6.1.  General Comments

   From a Bandwidth perspective, SIP is heavier than RELOAD.  A new
   protocol could be either lighter or heavier - depending on the
   specific encoding of the protocol.

   From a signaling delay point of view, RELOAD may be less effective in
   locating peers, as the messages has to transfered through
   intermediate peers before it finally get to the destination peer.  In
   practice, this may not be an important issue.  A potentially bigger
   issue in the use of RELOAD is that the swarm is likely to be a
   loosely organized, unstructured collection of peers (using a gossip
   protocol), rather than a structured DHT, and RELOAD may potentially
   be too heavy for this application.  One alternative is that peers are
   connected in a DHT, and the DHT is used to locate peers, which then
   establish direct connections to communicate (perhaps using SIP)

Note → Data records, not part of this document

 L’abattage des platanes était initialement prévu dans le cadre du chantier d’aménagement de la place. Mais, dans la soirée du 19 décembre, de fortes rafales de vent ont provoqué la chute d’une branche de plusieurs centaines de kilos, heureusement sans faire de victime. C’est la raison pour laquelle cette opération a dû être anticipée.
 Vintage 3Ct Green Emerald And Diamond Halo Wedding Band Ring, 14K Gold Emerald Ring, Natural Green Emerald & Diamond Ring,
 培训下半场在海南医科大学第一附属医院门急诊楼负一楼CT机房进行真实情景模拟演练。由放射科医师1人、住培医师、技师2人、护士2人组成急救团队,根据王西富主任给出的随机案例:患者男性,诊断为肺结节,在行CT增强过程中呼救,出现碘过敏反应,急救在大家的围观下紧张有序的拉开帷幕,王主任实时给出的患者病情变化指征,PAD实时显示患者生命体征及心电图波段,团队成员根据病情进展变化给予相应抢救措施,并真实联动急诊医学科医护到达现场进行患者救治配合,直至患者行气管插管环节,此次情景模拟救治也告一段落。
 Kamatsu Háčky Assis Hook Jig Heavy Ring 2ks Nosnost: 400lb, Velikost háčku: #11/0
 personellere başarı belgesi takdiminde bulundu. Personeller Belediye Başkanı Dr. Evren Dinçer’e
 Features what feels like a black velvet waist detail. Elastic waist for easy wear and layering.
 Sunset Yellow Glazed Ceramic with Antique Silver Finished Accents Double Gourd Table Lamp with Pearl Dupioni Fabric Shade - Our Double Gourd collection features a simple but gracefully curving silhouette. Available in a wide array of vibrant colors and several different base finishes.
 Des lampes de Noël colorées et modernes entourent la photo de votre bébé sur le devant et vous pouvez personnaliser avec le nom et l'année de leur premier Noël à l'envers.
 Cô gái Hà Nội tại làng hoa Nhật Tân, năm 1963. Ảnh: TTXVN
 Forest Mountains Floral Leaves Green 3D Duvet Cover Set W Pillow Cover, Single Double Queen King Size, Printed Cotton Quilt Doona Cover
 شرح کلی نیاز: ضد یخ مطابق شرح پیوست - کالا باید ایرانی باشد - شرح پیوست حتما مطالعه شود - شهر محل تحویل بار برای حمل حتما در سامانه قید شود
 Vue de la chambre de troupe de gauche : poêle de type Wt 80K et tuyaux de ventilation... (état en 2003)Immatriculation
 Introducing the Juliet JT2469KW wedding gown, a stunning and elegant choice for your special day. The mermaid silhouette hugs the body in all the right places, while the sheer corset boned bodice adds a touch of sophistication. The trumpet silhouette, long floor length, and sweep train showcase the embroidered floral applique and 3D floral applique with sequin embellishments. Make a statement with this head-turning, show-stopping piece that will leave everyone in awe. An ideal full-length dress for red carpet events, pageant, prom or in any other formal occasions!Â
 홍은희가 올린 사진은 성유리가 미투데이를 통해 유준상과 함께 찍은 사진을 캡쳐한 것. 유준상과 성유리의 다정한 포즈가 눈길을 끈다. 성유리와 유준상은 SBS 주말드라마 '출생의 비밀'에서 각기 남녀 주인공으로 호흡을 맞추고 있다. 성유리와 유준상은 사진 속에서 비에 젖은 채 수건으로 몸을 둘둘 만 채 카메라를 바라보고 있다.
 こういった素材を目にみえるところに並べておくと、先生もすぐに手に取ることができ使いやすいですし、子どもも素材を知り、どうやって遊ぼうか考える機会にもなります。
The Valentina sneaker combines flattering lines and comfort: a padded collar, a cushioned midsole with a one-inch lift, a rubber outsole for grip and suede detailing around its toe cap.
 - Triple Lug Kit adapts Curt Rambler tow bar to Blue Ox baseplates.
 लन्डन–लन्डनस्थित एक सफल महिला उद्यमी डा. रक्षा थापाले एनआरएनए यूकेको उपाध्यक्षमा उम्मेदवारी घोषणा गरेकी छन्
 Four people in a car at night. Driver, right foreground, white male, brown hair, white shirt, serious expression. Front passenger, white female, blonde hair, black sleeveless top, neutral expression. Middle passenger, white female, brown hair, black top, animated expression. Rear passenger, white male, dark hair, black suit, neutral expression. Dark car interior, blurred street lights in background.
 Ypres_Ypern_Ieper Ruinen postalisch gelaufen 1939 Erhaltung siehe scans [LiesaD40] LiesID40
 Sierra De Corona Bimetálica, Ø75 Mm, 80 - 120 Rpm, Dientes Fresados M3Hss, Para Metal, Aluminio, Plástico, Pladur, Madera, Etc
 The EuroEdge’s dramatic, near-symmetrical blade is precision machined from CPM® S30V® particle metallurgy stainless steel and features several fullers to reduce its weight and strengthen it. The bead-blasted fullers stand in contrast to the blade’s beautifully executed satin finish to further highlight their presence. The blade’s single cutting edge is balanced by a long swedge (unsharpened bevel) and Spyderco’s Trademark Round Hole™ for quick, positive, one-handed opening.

   SIP may provide additional advantages when negotiating the connection
   (see below), as it is intended for this very purpose.  SIP provides
   many capabilities that would not be used in this context, however,
   and a discussion of how to limit the capabilities in order to keep
   complexity to a minimum would be required.

6.2.  NAT Traversal

   NAT Traversal is an unavoidable issue in Peer protocol.  Peers may
   reside behind various kinds of NAT/Firewall, which will make the
   issue more complicate.  In NAT Traversal aspect, Peer protocol need
   to cooperate with Tracker protocol closely.  Instead of abiding
   Tracker protocol's decision, the designing of Peer protocol will
   significantly influence the decision of Tracker protocol.

   Several kinds of peer identity are mentioned to be likely included in
   Peerlists in response to Peer's request for desired chunks or swarms,
   Peer ID, Peer IP Address and Peer URL.  In this section we will
   describe how NAT Traversal will work for each distinct peer identity,
   without invloving detail protocol.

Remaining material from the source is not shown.